Marco Menale intervista Angelo Vulpiani per parlare del libro “A Random Walk in Physics”, scritto assieme a Massimo Cencini, Andrea Puglisi e Davide Vergni.
Angelo Vulpiani è professore di Fisica Teorica presso l’Università degli Studi di Roma “La Sapienza”. I suoi interessi di ricerca riguardano caos, turbolenza e meccanica statistica. A lui si aggiungono altri tre autori, prima suoi tesisti e dottorandi, e ora collaboratori. Massimo Cencini e Andrea Puglisi sono ricercatori dell’Istituto dei sistemi complessi del CNR. Cencini si occupa principalmente di turbolenza e fluidodinamica, mentre Puglisi di meccanica statistica di non equilibrio. Il quarto autore è Davide Vergni dell’Istituto per le Applicazioni del Calcolo “Mauro Picone” del CNR. Si occupa di matematica applicata, dai modelli finanziari (modelli di gestione del debito pubblico, in collaborazione con il Ministero del Tesoro) ai sistemi biologici (analisi dei network biologici con applicazioni mediche, in collaborazione con diversi centri di ricerca ospedalieri).

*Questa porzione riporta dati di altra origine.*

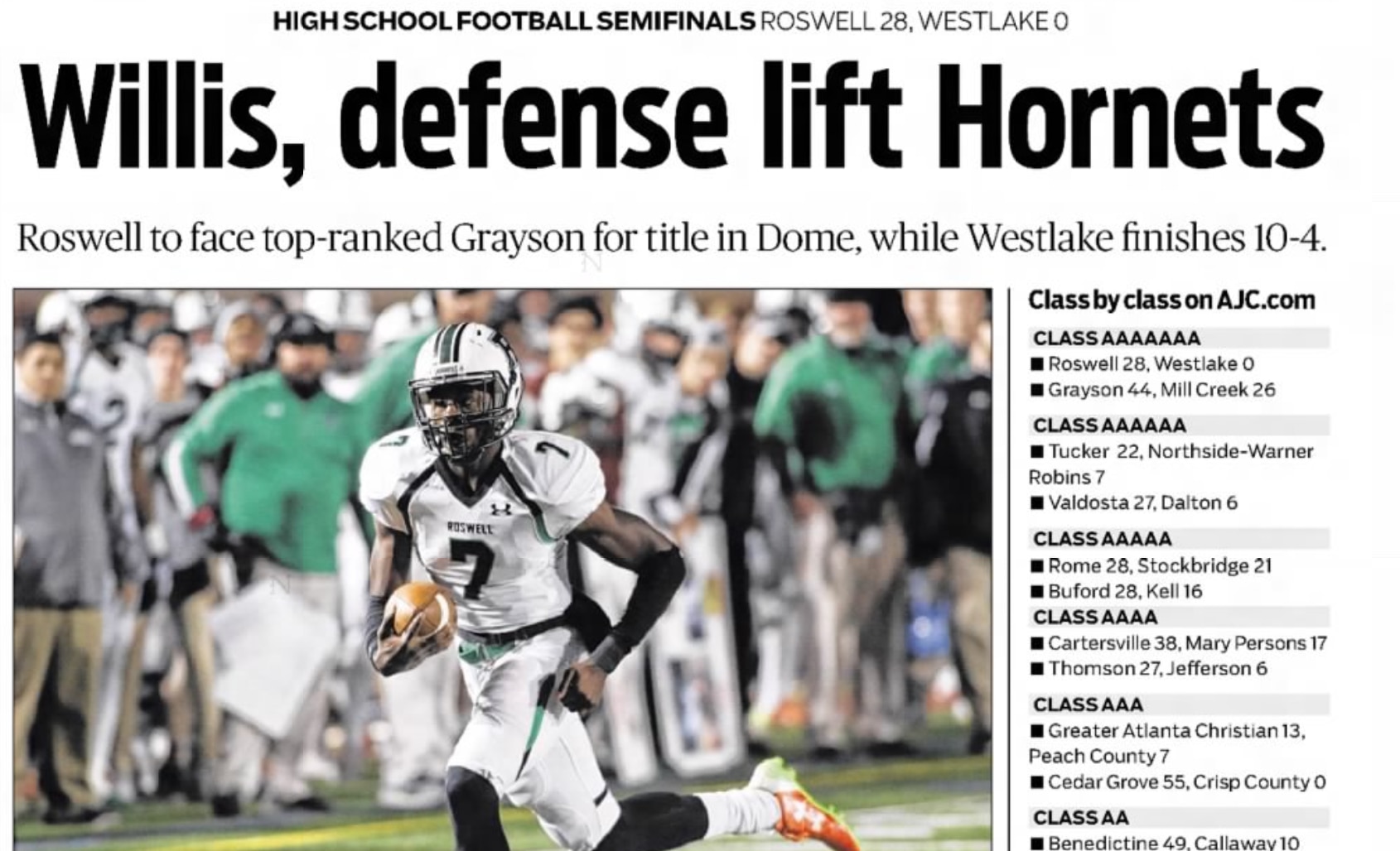 As a senior at Roswell, Willis led his team to the Class AAAAAAA championship game with an undefeated record but Roswell fell to Grayson High School 23-20 in overtime at the Georgia Dome. It was the second season in a row in which Roswell lost in the championship game. Willis forced overtime on the final play of regulation with a 20-yard touchdown pass. He had 301 yards of total offense in the game, including a team-high 40 rushing yards.

Marco Menale: Ciao, Angelo. Partiamo dal titolo. Perché avete scelto Random Walk?
Angelo Vulpiani: In fisica la random walk (passeggiata aleatoria in italiano) è una semplificazione del moto browniano. Tuttavia con Random Walk intendiamo i possibili percorsi che il libro consente di fare al lettore tra diversi argomenti della fisica e la loro storia. Ciascun percorso definisce una particolare successione dei capitoli. E per questo nelle prime pagine abbiamo inserito un grafo (figura 1) con le possibili scelte. Ma sono da intendersi come suggerimenti. Il lettore può leggere il libro come vuole. Inoltre abbiamo scelto l’ordine alfabetico per i temi dei capitoli così da evitare qualsiasi forma di gerarchia.
MM: La prima teoria discussa è l’atomismo. Ed è anche la più antica trattata nel libro, risalendo a personaggi come Democrito e Leucippo. Torna in diversi capitoli, fino a Ludwing Boltzmann. Perché la ritenete così importante?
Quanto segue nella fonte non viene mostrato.